Set down, exactly and only, everything from the line containing "鍵も頂いていますが、普段は部" down to the line containing "Museo Nazionale di" in the data below; the pictures are not part of the copy.
*** Opening Source data ***
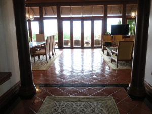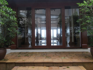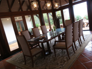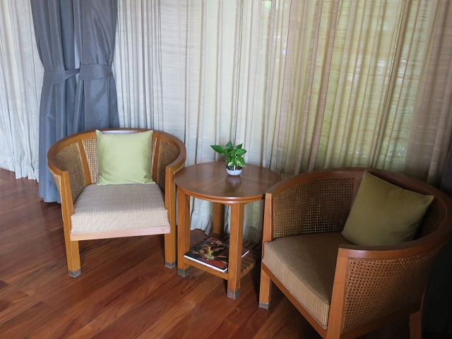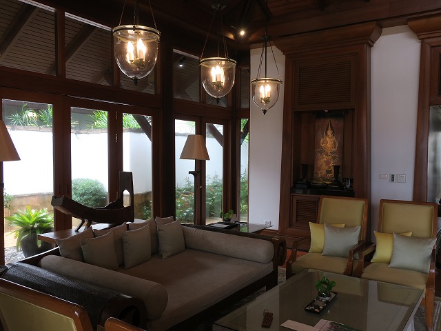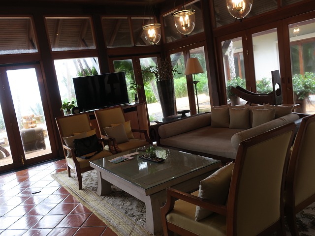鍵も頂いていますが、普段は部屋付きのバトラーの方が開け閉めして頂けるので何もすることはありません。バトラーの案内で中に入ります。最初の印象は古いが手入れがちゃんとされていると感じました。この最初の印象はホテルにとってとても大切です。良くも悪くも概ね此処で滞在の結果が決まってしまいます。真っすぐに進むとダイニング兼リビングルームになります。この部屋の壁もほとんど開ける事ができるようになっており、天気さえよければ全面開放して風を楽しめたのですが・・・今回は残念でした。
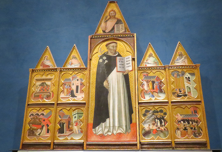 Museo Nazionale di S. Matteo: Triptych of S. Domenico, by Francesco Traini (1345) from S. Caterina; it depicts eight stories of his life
*** Closing Source data ***
*** Opening Source data ***
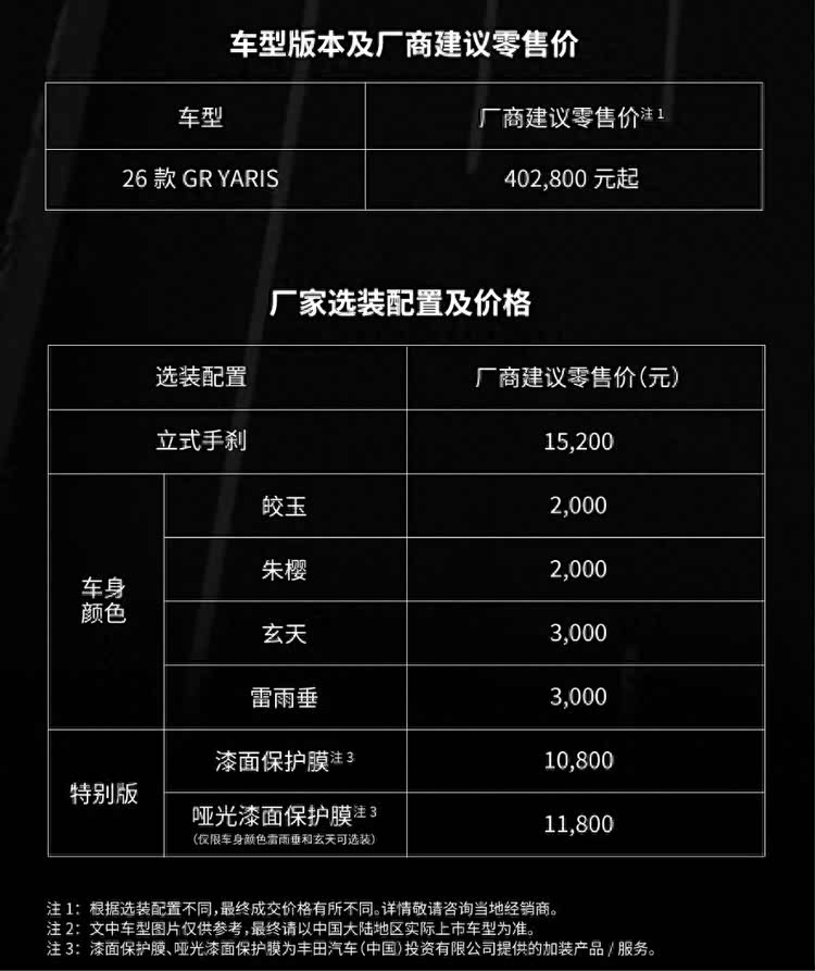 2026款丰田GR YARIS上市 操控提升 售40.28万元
*** Closing Source data ***
*** Opening Source data ***
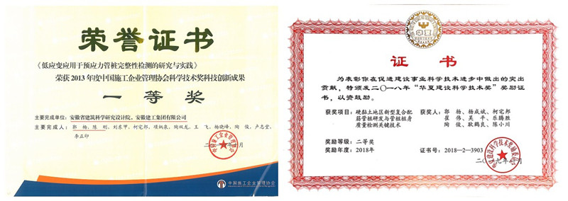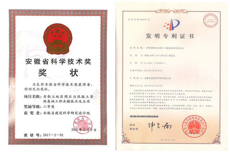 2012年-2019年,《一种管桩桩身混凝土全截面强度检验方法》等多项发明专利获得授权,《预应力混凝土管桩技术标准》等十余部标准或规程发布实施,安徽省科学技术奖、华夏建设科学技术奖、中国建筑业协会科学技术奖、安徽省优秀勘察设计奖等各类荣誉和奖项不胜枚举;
*** Closing Source data ***
### Problem solution
鍵も頂いていますが、普段は部屋付きのバトラーの方が開け閉めして頂けるので何もすることはありません。バトラーの案内で中に入ります。最初の印象は古いが手入れがちゃんとされていると感じました。この最初の印象はホテルにとってとても大切です。良くも悪くも概ね此処で滞在の結果が決まってしまいます。真っすぐに進むとダイニング兼リビングルームになります。この部屋の壁もほとんど開ける事ができるようになっており、天気さえよければ全面開放して風を楽しめたのですが・・・今回は残念でした。
 Museo Nazionale di S. Matteo: Triptych of S. Domenico, by Francesco Traini (1345) from S. Caterina; it depicts eight stories of his life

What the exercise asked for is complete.